YOUR INSTRUCTIONS
Reproduce precisely the lines of the material below from the line containing "在XX市司法局党组理论学习中心组(扩大)学习会上的总结讲话" up to and including its last line. Pictures must not be copied.

INFORMATION PROVIDED

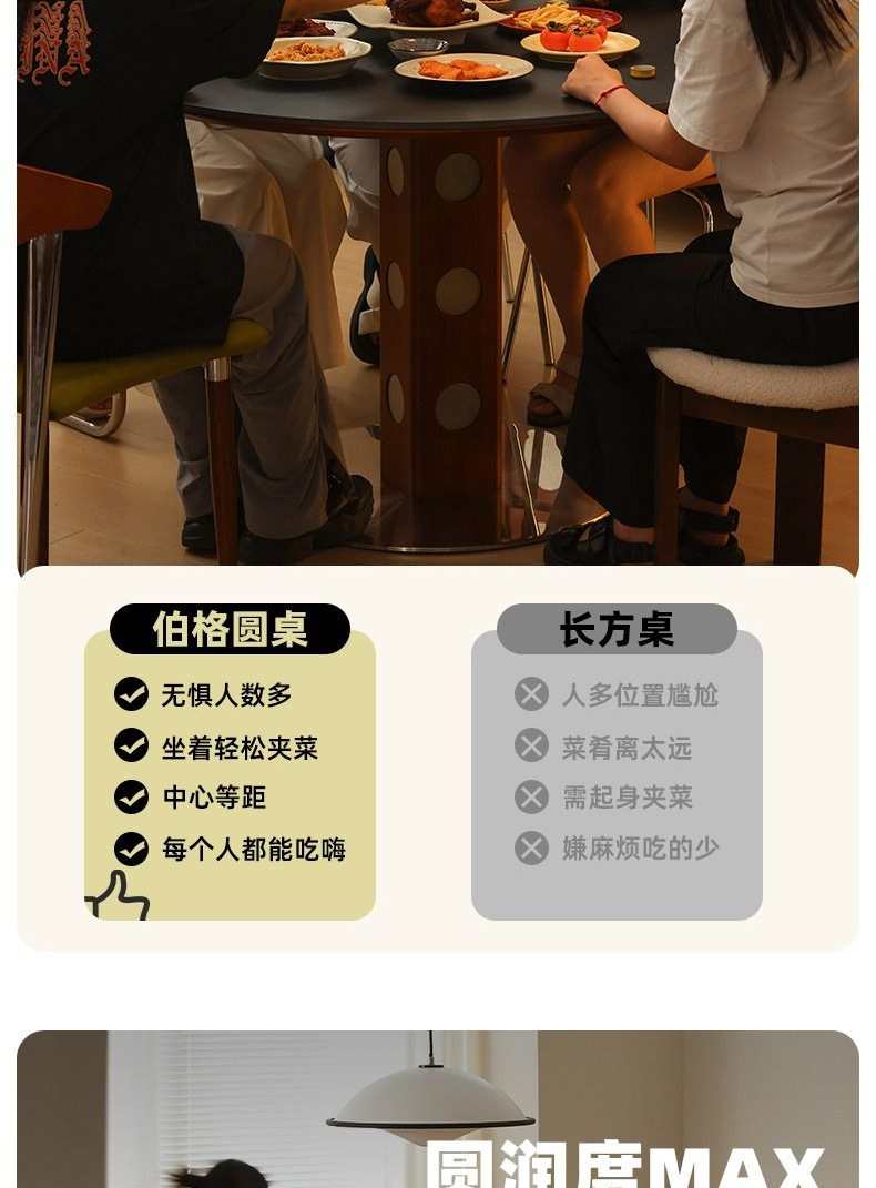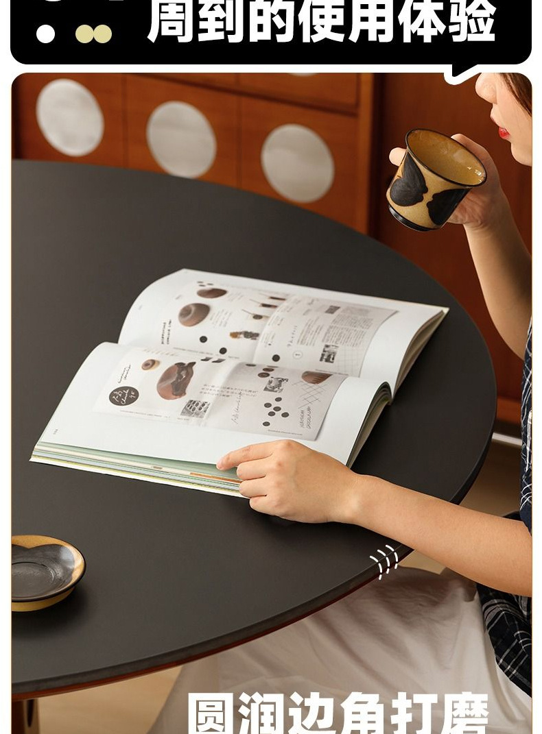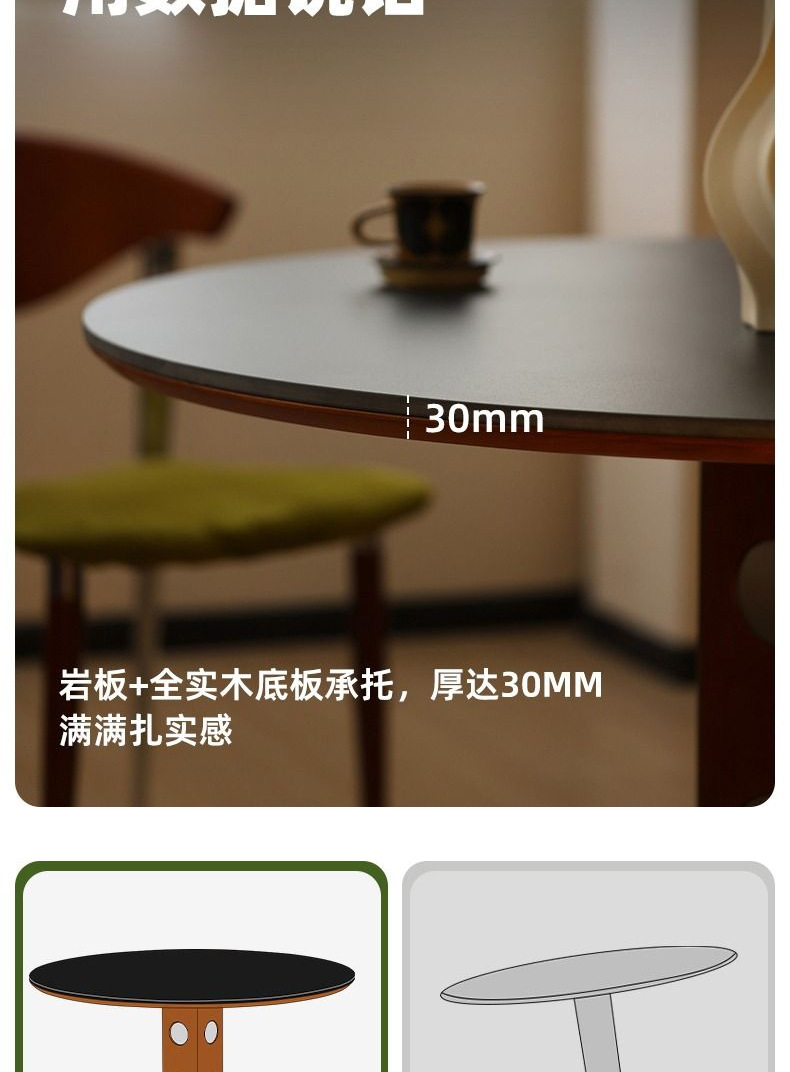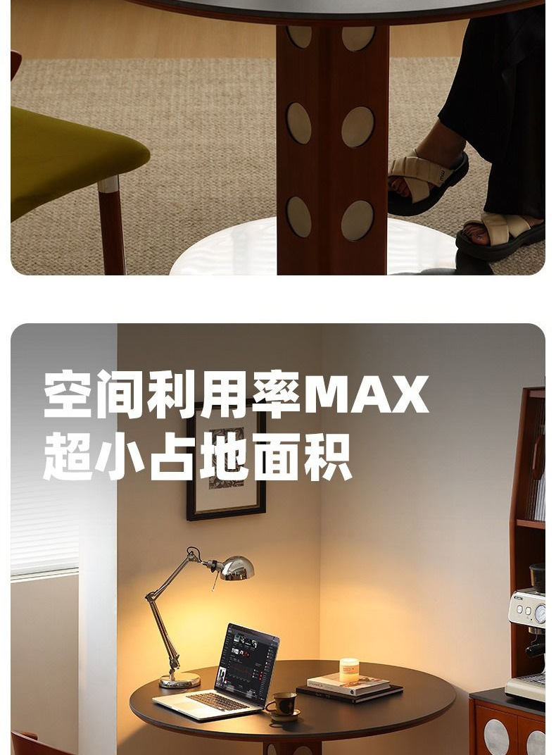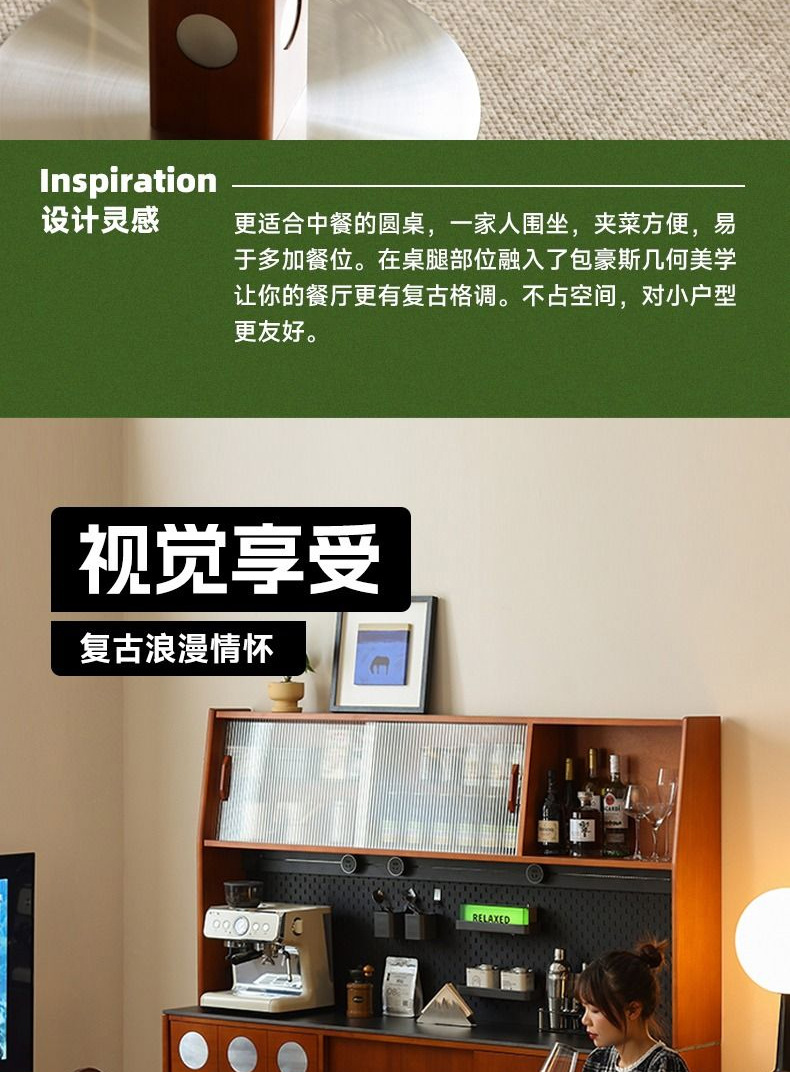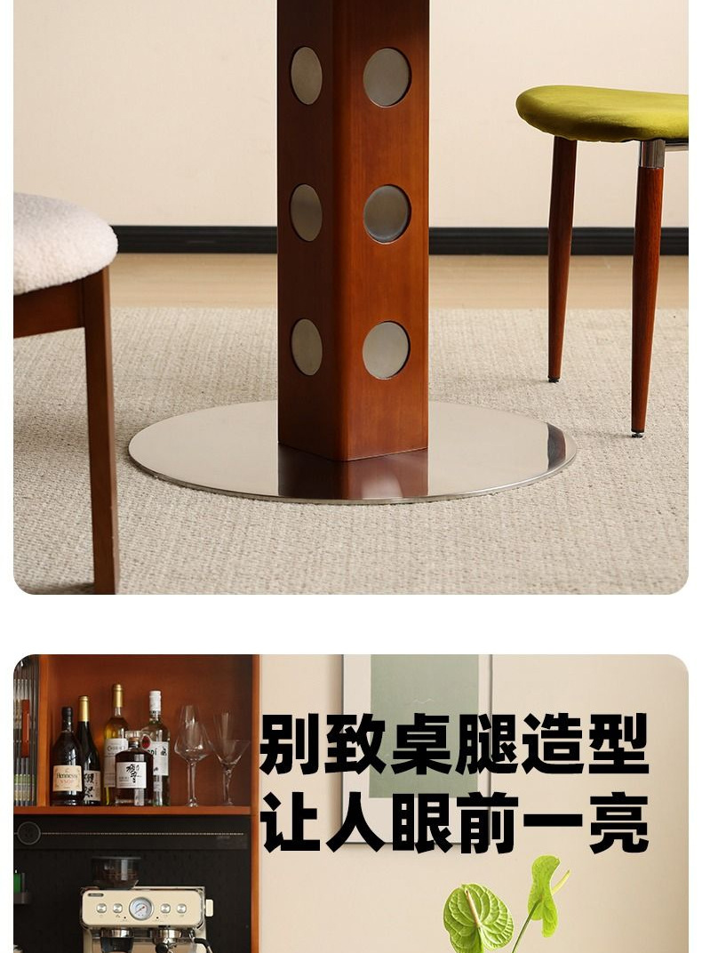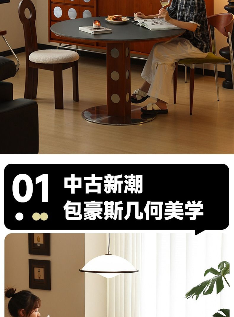 米阿巴中古圆桌复古金属腿圆形餐桌小户型北欧包豪斯实木岩板饭桌
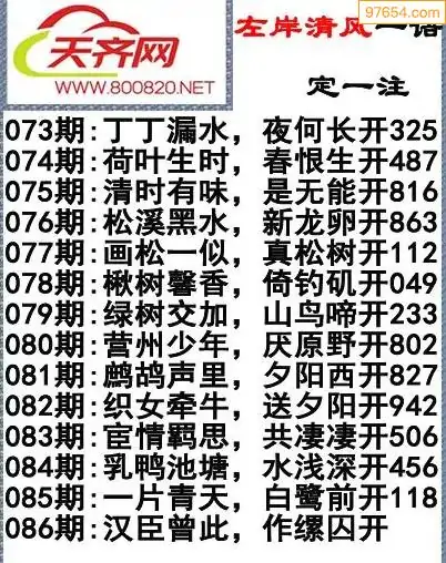 福彩3d左岸清风26年086期一语定一注
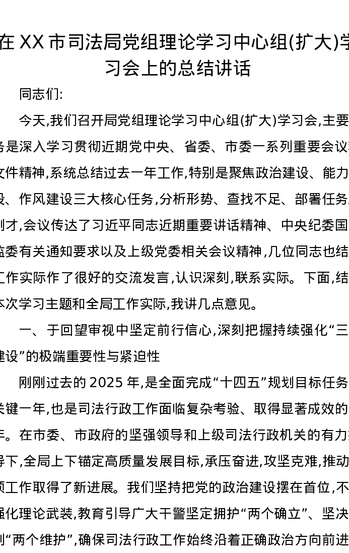 在XX市司法局党组理论学习中心组(扩大)学习会上的总结讲话
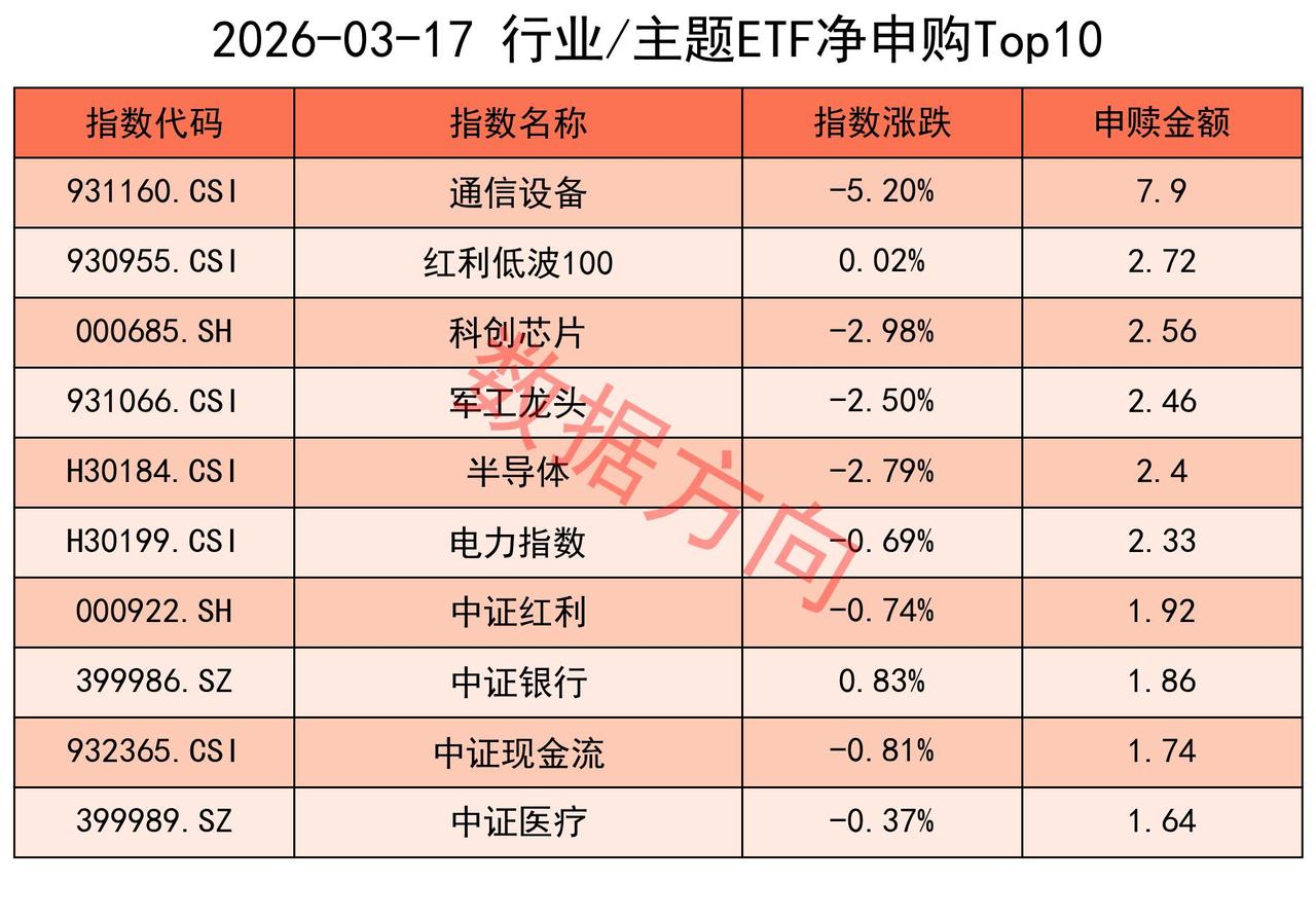 通信设备指数(7.9亿),获最多净申购。昨天几只龙头跌速快、跌幅大,卖不赢,不排除申购成ETF往外出的可能性。

RESPONSE TO THIS EXERCISE
 在XX市司法局党组理论学习中心组(扩大)学习会上的总结讲话
 通信设备指数(7.9亿),获最多净申购。昨天几只龙头跌速快、跌幅大,卖不赢,不排除申购成ETF往外出的可能性。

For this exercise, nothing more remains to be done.